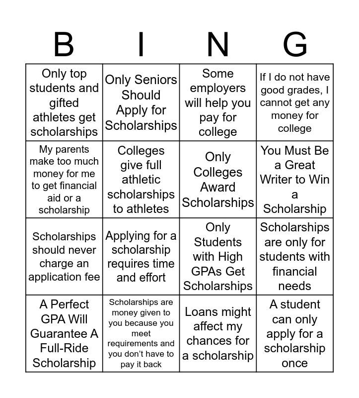 This bingo card has 16 words: Scholarships are money given to you because you meet requirements and you don’t have to pay it back, Scholarships are only for students with financial needs, Some employers will help you pay for college, Only top students and gifted athletes get scholarships, Scholarships should never charge an application fee, Only Seniors Should Apply for Scholarships, Only Students with High GPAs Get Scholarships, Loans might affect my chances for a scholarship, My parents make too much money for me to get financial aid or a scholarship, Colleges give full athletic scholarships to athletes, A Perfect GPA Will Guarantee A Full-Ride Scholarship, If I do not have good grades, I cannot get any money for college, Applying for a scholarship requires time and effort, You Must Be a Great Writer to Win a Scholarship, Only Colleges Award Scholarships and A student can only apply for a scholarship once.
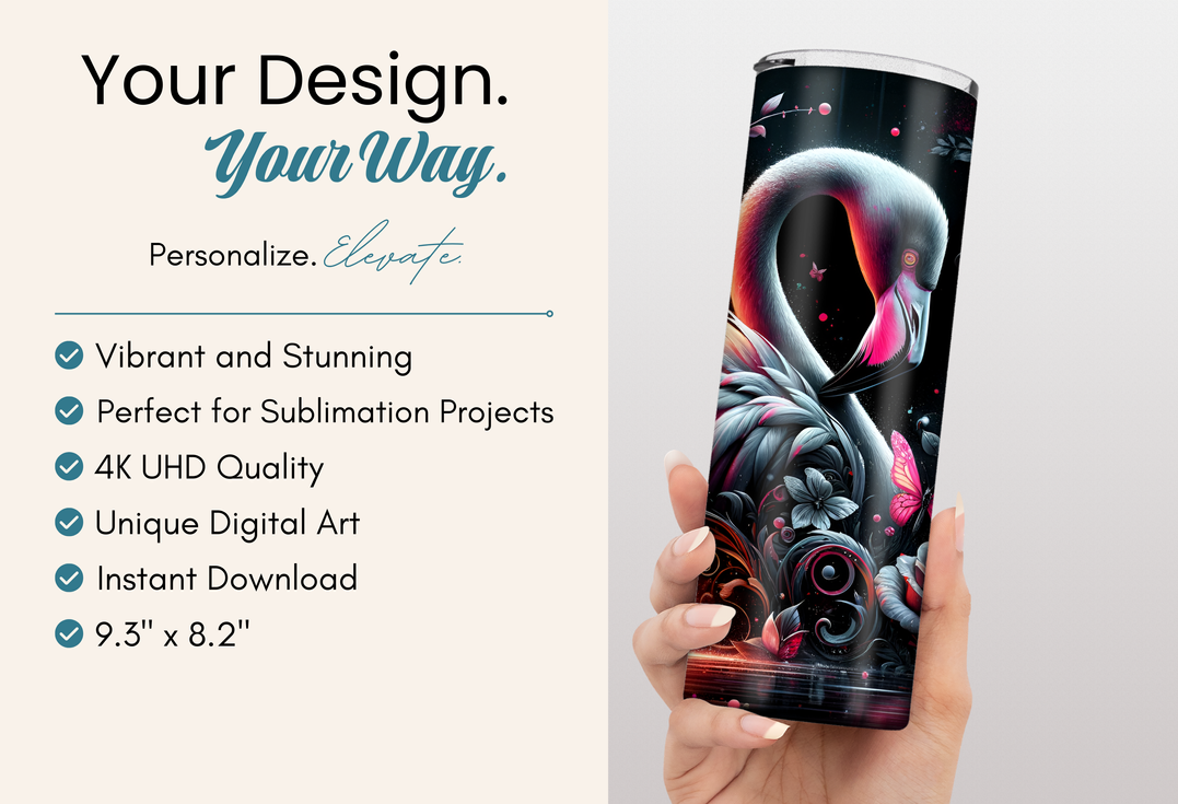 Dive into a world of mysterious elegance with this Dark Fantasy Flamingo design, perfect for your 20oz skinny tumbler! This high-resolution digital download includes a single PNG file (9.3" x 8.2", 300 DPI), ideal for sublimation projects that capture the haunting beauty of a flamingo in a dark, fantasy-inspired setting. The design features a dramatic, ethereal flamingo with dark, moody tones, surrounded by mystical elements like dark foliage, glowing accents, and surreal textures. The deep color palette and otherworldly atmosphere make this a unique and captivating design for those who love dark fantasy themes.
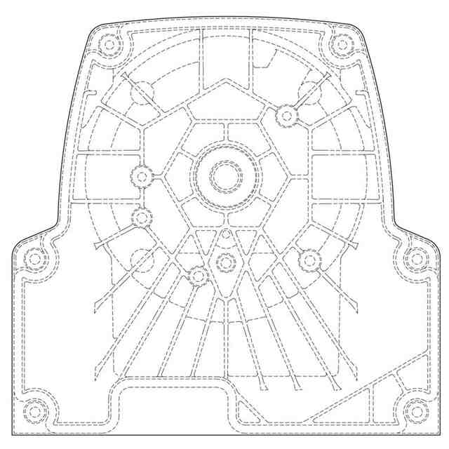 実線で表した部分が、意匠登録を受けようとする部分である。各図において、面形状の変化部に表された線(ワイヤーフレーム)は模様を表す線ではなく、いずれも立体表面の形状を表す線である。
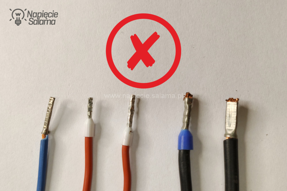Podstawowy błąd polega na złym odizolowaniu przewodu. Izolacja zdjęta na zbyt długim odcinku zwiększa ryzyko wystąpienia zwarcia lub porażenia prądem (przewodzące części przewodu dostępne poza szybkozłączką). Natomiast izolacja zdjęta na krótszym odcinku może spowodować, że żyła przewodu nie będzie odpowiednio „umocowana” w szybkozłączce przez co sprężyna nie zapewni właściwego połączenia. Pamiętaj, w zależności od producenta izolację trzeba ściągnąć na właściwym odcinku który u różnych producentów może być inny (rutyna doprowadza do błędów zawsze sprawdź wytyczne producenta). Do Idealnej Szybkozłączki izolację należy ściągnąć na odcinku 13 mm.
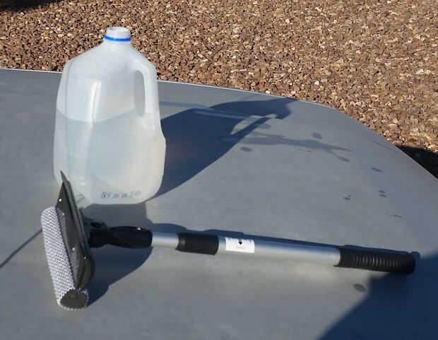 Escobilla de goma (de mango largo es mejor - disponible de tiendas de piezas automotrices o departamentos - o incluso herramientas de carga del puerto)
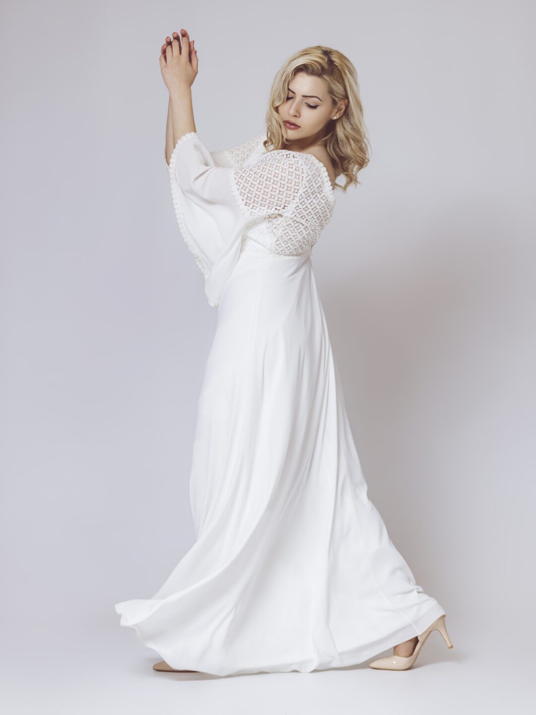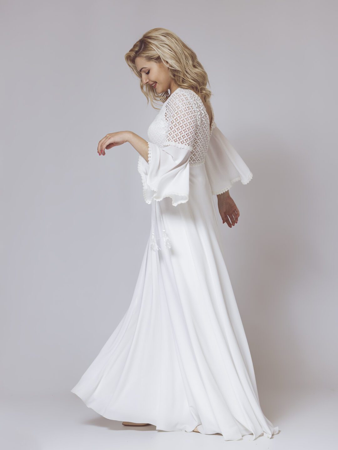 Boho chic νυφικό φόρεμα σε κρεπ, με ανάγλυφη βαμβακερή δαντέλα στο μπούστο, την πλάτη και το μανίκι. Υπέροχη πλάτη με διαφανή δαντέλα και άνοιγμα V. Σε άλφα γραμμή, ψιλόμεσο και με αέρινο μανίκι. Κανονική εφαρμογή.  Ιδανικό για πολιτικό γάμο αλλά και σε εκκλησία!

— TASK PROMPT —
What you return should be all of the material above, exactly, and none of its pictures.

— ANSWER FOR THE TASK —
 This bingo card has 16 words: Scholarships are money given to you because you meet requirements and you don’t have to pay it back, Scholarships are only for students with financial needs, Some employers will help you pay for college, Only top students and gifted athletes get scholarships, Scholarships should never charge an application fee, Only Seniors Should Apply for Scholarships, Only Students with High GPAs Get Scholarships, Loans might affect my chances for a scholarship, My parents make too much money for me to get financial aid or a scholarship, Colleges give full athletic scholarships to athletes, A Perfect GPA Will Guarantee A Full-Ride Scholarship, If I do not have good grades, I cannot get any money for college, Applying for a scholarship requires time and effort, You Must Be a Great Writer to Win a Scholarship, Only Colleges Award Scholarships and A student can only apply for a scholarship once.
 Dive into a world of mysterious elegance with this Dark Fantasy Flamingo design, perfect for your 20oz skinny tumbler! This high-resolution digital download includes a single PNG file (9.3" x 8.2", 300 DPI), ideal for sublimation projects that capture the haunting beauty of a flamingo in a dark, fantasy-inspired setting. The design features a dramatic, ethereal flamingo with dark, moody tones, surrounded by mystical elements like dark foliage, glowing accents, and surreal textures. The deep color palette and otherworldly atmosphere make this a unique and captivating design for those who love dark fantasy themes.
 実線で表した部分が、意匠登録を受けようとする部分である。各図において、面形状の変化部に表された線(ワイヤーフレーム)は模様を表す線ではなく、いずれも立体表面の形状を表す線である。
Podstawowy błąd polega na złym odizolowaniu przewodu. Izolacja zdjęta na zbyt długim odcinku zwiększa ryzyko wystąpienia zwarcia lub porażenia prądem (przewodzące części przewodu dostępne poza szybkozłączką). Natomiast izolacja zdjęta na krótszym odcinku może spowodować, że żyła przewodu nie będzie odpowiednio „umocowana” w szybkozłączce przez co sprężyna nie zapewni właściwego połączenia. Pamiętaj, w zależności od producenta izolację trzeba ściągnąć na właściwym odcinku który u różnych producentów może być inny (rutyna doprowadza do błędów zawsze sprawdź wytyczne producenta). Do Idealnej Szybkozłączki izolację należy ściągnąć na odcinku 13 mm.
 Escobilla de goma (de mango largo es mejor - disponible de tiendas de piezas automotrices o departamentos - o incluso herramientas de carga del puerto)
 Boho chic νυφικό φόρεμα σε κρεπ, με ανάγλυφη βαμβακερή δαντέλα στο μπούστο, την πλάτη και το μανίκι. Υπέροχη πλάτη με διαφανή δαντέλα και άνοιγμα V. Σε άλφα γραμμή, ψιλόμεσο και με αέρινο μανίκι. Κανονική εφαρμογή.  Ιδανικό για πολιτικό γάμο αλλά και σε εκκλησία!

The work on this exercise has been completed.